» **Data**:
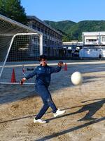 サッカー部も練習していたので、ちょっと練習を見せてもらいました。蹴った瞬間を撮るというのが、こんなにも難しいのかと思うほど、うまく撮れません…
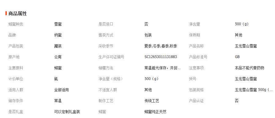 产品名称:玉龙雪山雪蜜(精品蜜)
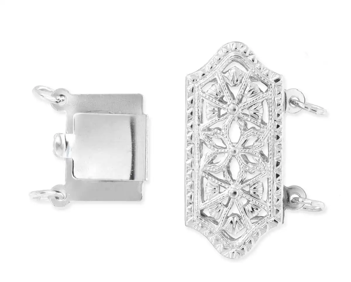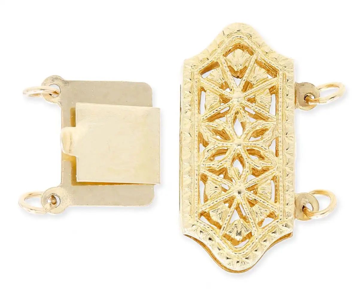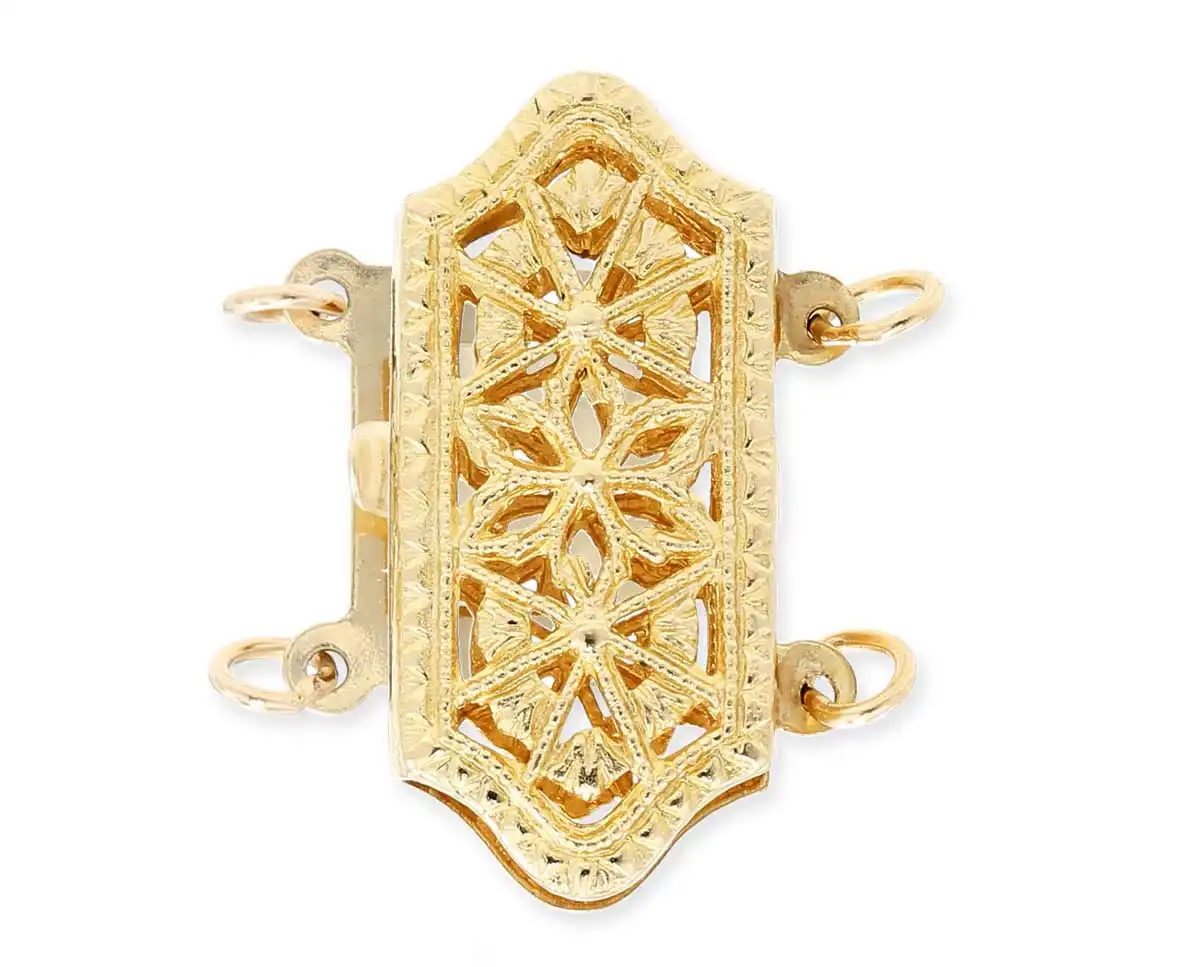 This beautiful filigree pearl clasp is available in either 14K white or yellow gold. Match it with multiple strands of freshwater pearls in the size that you like and you will have your own custom made pearl necklace.

» **Work request**: Every line above must be printed again exactly, pictures excluded.

» **Answer for this exercise**:
 サッカー部も練習していたので、ちょっと練習を見せてもらいました。蹴った瞬間を撮るというのが、こんなにも難しいのかと思うほど、うまく撮れません…
 产品名称:玉龙雪山雪蜜(精品蜜)
 This beautiful filigree pearl clasp is available in either 14K white or yellow gold. Match it with multiple strands of freshwater pearls in the size that you like and you will have your own custom made pearl necklace.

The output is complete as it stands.